BigMPI4py: Python module for parallelization of Big Data objects
Project description
# BigMPI4py
BigMPI4py is a module developed based on Lisando Dalcin's implementation of Message Passing
Interface (MPI for short) for python, MPI4py (https://mpi4py.readthedocs.io), which allows for
parallelization of data structures within python code.
Although many of the common cases of parallelization can be solved with MPI4py alone, there
are cases were big data structures cannot be distributed across cores within MPI4py
infrastructure. This limitation is well known for MPI4py and happens due to the fact that MPI
calls have a buffer limitation of 2GB entries.
In order to solve this problem, some solutions exist, like dividing the datasets in "chunks" that
satisfy the data size criterion, or using other MPI implementations such as BigMPI
(https://github.com/jeffhammond/BigMPI). BigMPI requires both understanding
the syntax of BigMPI, as well as having to adapt python scripts to BigMPI, which can be
difficult and requires knowledge of C-based programming languages, of which many users have a
lack of. Then, the "chunking" strategy can be used in Python, but has to be adapted manually for
data types and, in many cases, the number of elements that each node will receive which, in order
to circumvent the 2 GB problem, can be difficult.
BigMPI4py adapts the "chunking" strategy of data, being able to automatically distribute
the most common python
data types used in python, such as numpy arrays, pandas dataframes, lists, nested lists,
or lists of
arrays and dataframes. Therefore, users of BigMPI4py can automatically parallelize their
pipelines by calling BigMPI4py's functions with their data.

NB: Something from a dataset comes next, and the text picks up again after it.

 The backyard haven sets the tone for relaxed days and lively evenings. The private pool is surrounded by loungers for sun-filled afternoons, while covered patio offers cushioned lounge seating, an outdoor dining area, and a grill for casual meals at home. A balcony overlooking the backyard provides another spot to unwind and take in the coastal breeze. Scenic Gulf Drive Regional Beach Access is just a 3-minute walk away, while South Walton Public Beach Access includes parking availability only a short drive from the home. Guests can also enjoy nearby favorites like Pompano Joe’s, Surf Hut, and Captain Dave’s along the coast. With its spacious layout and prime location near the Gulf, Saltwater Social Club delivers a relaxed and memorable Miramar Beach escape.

So far, BigMPI4py implements certain MPI's collective communication operations, like
`MPI.Comm.scatter()`, `MPI.Comm.bcast()`, `MPI.Comm.gather()` or `MPI.Comm.allgather()`, which
are the most commonly used ones in parallelization. BigMPI4py also implements point-to-point
communication operation `MPI.Comm.sendrecv()`.

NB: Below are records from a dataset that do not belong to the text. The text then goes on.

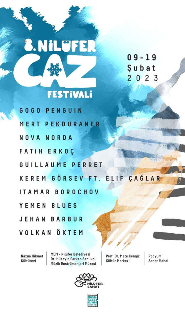 Avrupa Caz Ağı (European Jazz Network) üyesi olan Nilüfer Caz Festivali, bu sene uluslararası sanatçıları ağırlamanın yanı sıra, Festival tarihlerine denk gelen 14 Şubat Sevgililer Günü’ne özel olarak gerçekleşecek olan konserde, geleneksel cazın ülkemizdeki en önemli temsilcilerinden olan Kerem Görsev, Elif Çağlar’ın eşsiz sesiyle müzikseverlerle buluşacak. İkiliye kontrbasta Volkan Hürsever, davulda Ferit Odman eşlik edecek. Orta Doğu kökenlerini caz dörtlüsü formatıyla birleştirip kendine özgü bir hikayeler yaratarak ortaya büyüleyici egzotik motifler çıkaran çok kültürlü müziğiyle Itamar Borochov tüm şehri etkisine alacak performansıyla bir müzik ziyafeti vaat ederken, 2010 yılında besteci ve müzisyen Ravid Kahalani tarafından her üyenin farklı bir geçmişten geldiği özgün bir ekip olarak kurulan Yemen Blues katılımcıları eşsiz bir canlı performans deneyimine davet ediyor.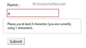 Form bao gồm 2 textbox và một button. Cả hai trường input đều sử dụng các attribute của HTML5 như readonly, minlength, and maxlength để validate input. Bất kỳ khi nào có lỗi về validate thì một custom error message sẽ được hiển thị bên cạnh input. Một list tất cả error message trong form được hiện thị ở cuối của trang.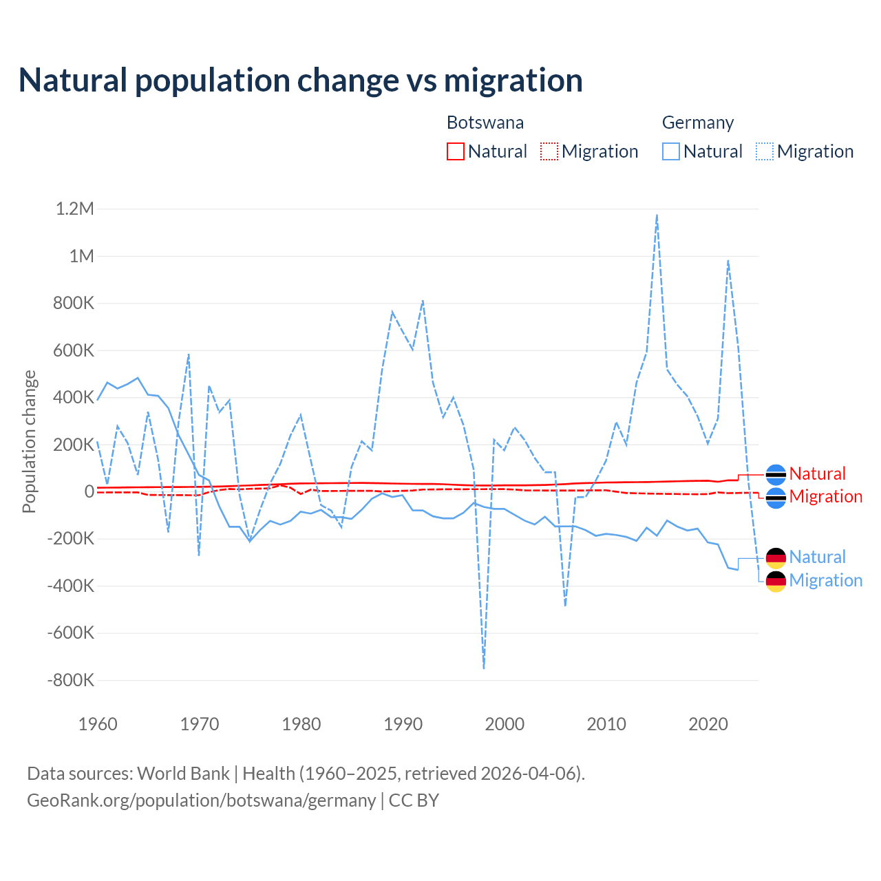 Over the last 10 years, 82.5% of the population change in Botswana is from natural causes (a gain of 436,373 people) and 17.5% is from migration (a loss of 92,293 people). In Germany 26.8% is from natural causes (a loss of 2,036,130 people) and 73.2% is from migration (a gain of 5,565,916 people).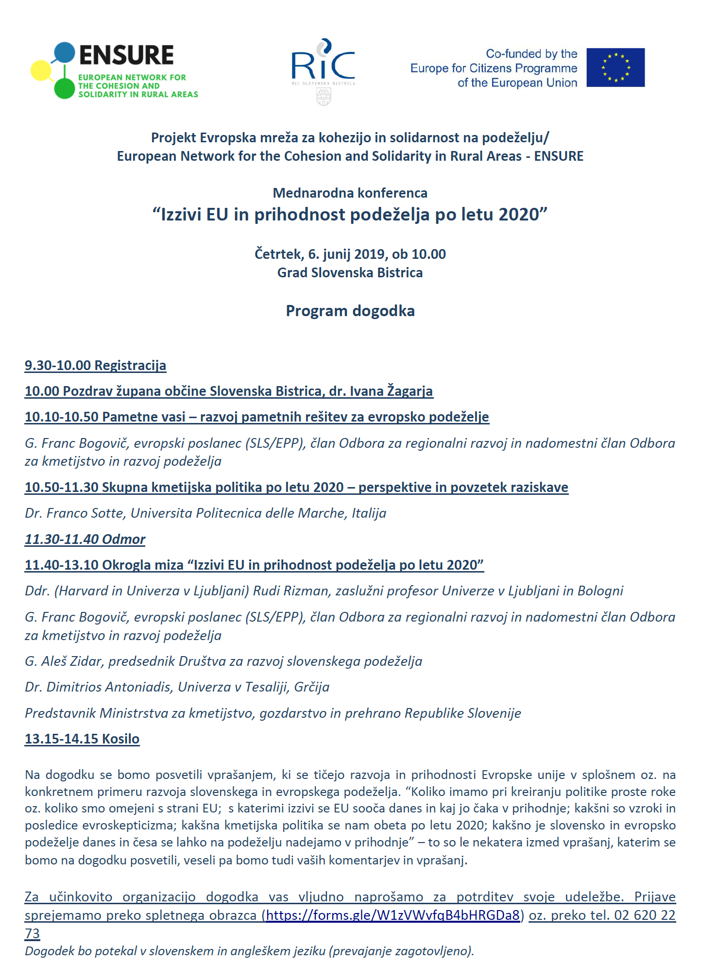 Mednarodna konferenca “Izzivi EU in prihodnost podeželja po letu 2020”, Slovenska Bistrica, 6.6.2019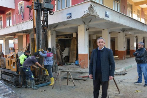 Başkan Yılmazlar, Cumhuriyet Mahallesi’nde Pazaryeri ve Düğün Salonu olarak kullanılan binanın, statik ömrünü tamamlaması nedeniyle Beydağ Belediyesi'nin başlattığı çalışmaları yerinde inceledi.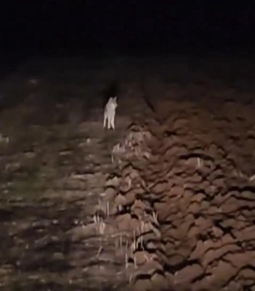 Görüntülerde, kurtların tarlada toprak kazma hareketleri dikkatle izlenebiliyor. Abiş, karşısındaki vahşi hayvanların hareketlerini şaşkınlık içinde izlerken, bu sıra dışı anı cep telefonuyla ölümsüzleştirdi.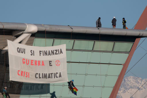 29/01/2024 – Sono cadute tutte le accuse contro gli attivisti di Extinction Rebellion e Fridays for Future per aver appeso, a novembre 2023, uno striscione dal tetto dell’Oval di Torino durante l’Aerospace and Defence Meeting. Reati come “invasione” e “violenza privata” sono stati archiviati con formula piena.

BigMPI4py also detects whether a vectorized parallelization using `MPI.Comm.Scatterv()` and
`MPI.Comm.Gatherv()` operations can be used, saving time for object communication.
Check out the tutorial notebook to see how to use BigMPI4py, with many examples inside!

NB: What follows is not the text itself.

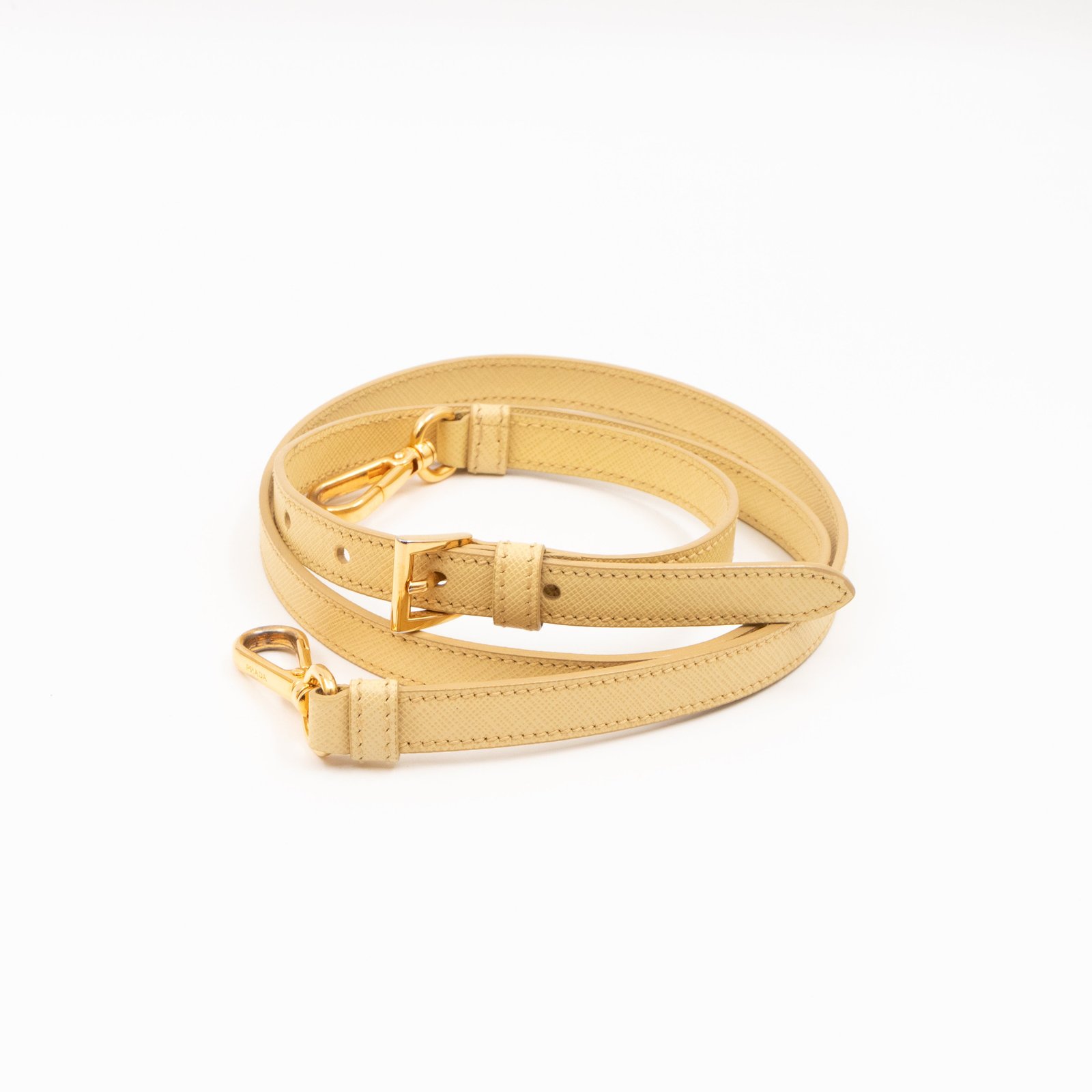 A cute large sized edition Prada Promenade crossbody bag. Made with saffiano leather in yellow, combined with gold-tone hardware. This Promenade fits all your daily items. Open to two compartments and two slim pocket.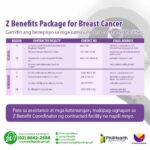 Effective March 30, 2024, the Z Package for breast cancer was raised to a maximum of P1.4 million paid by Philhealth directly to CONTRACTED HEALTH FACILITIES for members and their qualified dependents who are diagnosed as stage 0 to 4 breast cancer patients. To qualify, it is IMPORTANT to go ONLY to the selected CONTRACTED HOSPITALS (listed below) and have the procedures done from the start of the diagnosis to the end of the treatment. Coverage for breast cancer is P1.4 million. If total cost is greater that P1.4 million, Philhealth member will co-pay.

## How to install BigMPI4py
BigMPI4py works on MPI4py, and MPI4py works on MPI, which is an external program. When installing BigMPI4py by conda you won't need to install anything.
If you prefer to install BigMPI4py via pip, you will have to install MPI first.
### Installing via conda
In order to install pip via conda run this command on the terminal:
`conda install -c alexmascension bigmpi4py`
### Installing via pip
BigMPI4py can be installed via pip with:
`pip install bigmpi4py`
MPI must be installed. You can install MPI (and other related libraries) with:
`apt-get install libopenmpi2 openmpi-bin openmpi-common openssh-client openssh-server libopenmpi-dev`
## How to use the notebook
You can download the notebook in any location of your computer. After installing
BigMPI4py, go to the directory where you have downloaded the notebook via the
console, and run
`jupyter notebook`
This will prompt a window where you can run the tutorial. Mind that some files
will be generated in a folder at the same directory where you downloaded the
notebook.
## Error troubleshooting
Most of the errors when running BigMPI4py or MPI4py derive from problems with MPI. Please, make sure no ovelapping versions of MPI exist.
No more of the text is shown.